3 Responses to “When the Killing’s Done, Island Wildlife Roars Back”

  1. john kennedy said

    Tough decisions for most people who consider themselves “nature lovers, like myself.” I hate to step on an ant or swat a mosquito. I still do those things for practicality. But a clear intentional act such as exterminating cats isn’t small or subtle enough to simply slide by…perhaps rats would be less objectionable. This forces all who take that love of nature more seriously than a cute slogan…or, lets say, see it not unlike one of those paintings of puppies and kitties with big cute eyes, its time to be tough with our emotions. This is obvious if one sees nature in its stark reality…not a world of cute furry things… but an essential but complex..and highly interconnected…system of life. That system includes us. Unfortunately, we often don’t see ourselves as just another life element like every other living thing. We don’t view…and most importantly often don’t act…like our world around us is simply a required balanced biodiverse system, even if we know that is true. We also fail to accept that the way to achieve that critically needed biodiversity is to see to it that we don’t intentionally or carelessly upset its apple cart…which is done in the worst way by destroying the natural flora and fauna systems. Unfortunately, we have done that and continue to do so, from our own backyards to the Brazilian jungles, and islands throughout the world. It is simply time to get smart and get really serious about protecting…and now rebuilding where possible…that biodiverse world which is so needed for our own vibrant survival. Our cute kitties that have been carelessly let loose upon the natural world,as well as all the beautiful plants we have imported from far away and replanted in our yards, must be eradicate. While we are at it, why don’t we all get responsible with our cuddly introduced species pets, and keep them indoors or on a leash?
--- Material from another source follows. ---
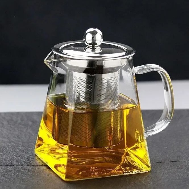 Чайник заварочный 950 мл, возможно использовать на плите. Съемный фильтр изготовлен из нержавеющей стали, ручка не нагревается, корпус из термостойкого боросиликатного стекла. Боросиликатное стекло изготавливают из натуральных природных материалов, которые не выделяют вредных составляющих при нагревании, так как стекло не содержит кадмий или свинец. Посуда из боросиликатного стекла имеет меньший вес, и помимо безопасности, долговечности, цены, боросиликатное стекло отличается повышенной термической стойкостью и повышенной стойкостью к механическим повреждениям, поэтому даже после многократного использования посуда не становится серой и всегда выглядит как новая. Особенности термоизолированная ручка, ситечко, мытье в посудомоечной машине Материал ручки стекло Вид ручки фиксированная Высота 16 см Вес 0.425 кг Комплектация Заварочный чайник, фильтр, крышка, упаковка Дополнительная информация Дополнительные отверстия в крышке для выпуска пара
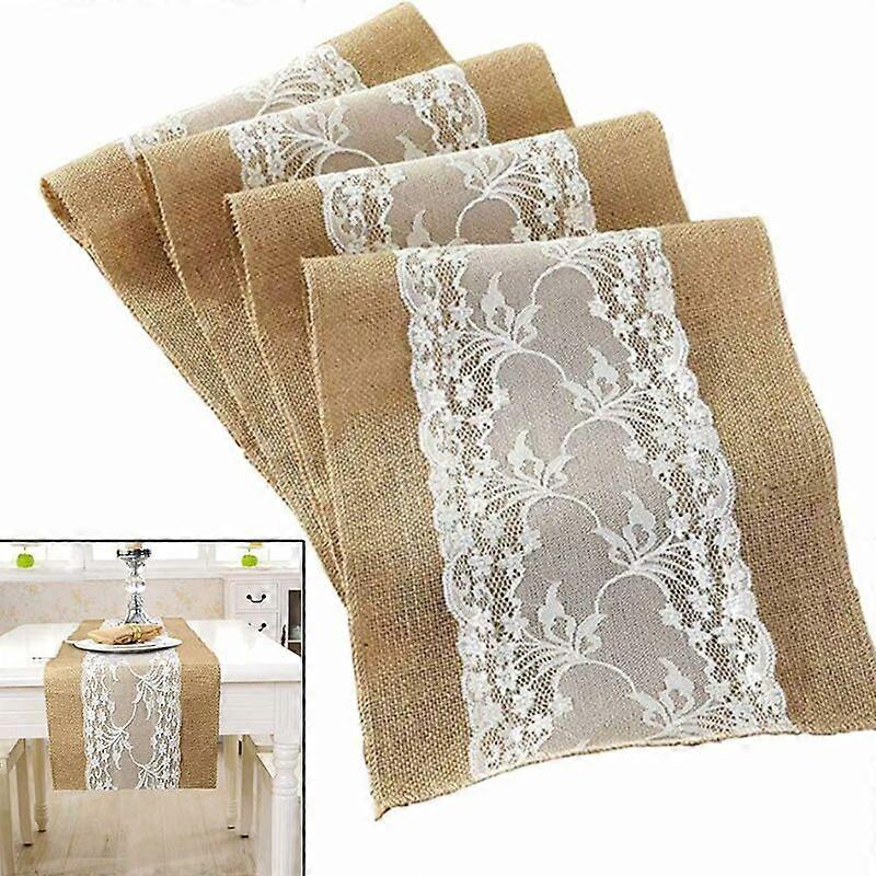 Vintage Rustic Table Runner White Burlap Tablecloth Lace Burlap Table Runner Christmas Winter Home Decorations for Wedding Festival Party Case Decorat

  2. Dick, Very informative article. I particularly like the idea of sending the rats to the fellow with intense feelings for all sentient beings. As know I’m very skeptical about the use of chemicals in the attempts to control or eradicate an undesired pest. The die off of lobsters in the LIS in 1999 likely due to the irresponsible use of chemicals. So before we go off on an eradication program, the precautionary rule should be observed. Let’s be certain no other unintended consequences result from the application of the measures to eliminate the problem. I would recommend that independent studies be done rather than relying on the EPA for guidance. The EPA process for evaluating the safety of chemicals, in my opinion, is seriously flawed.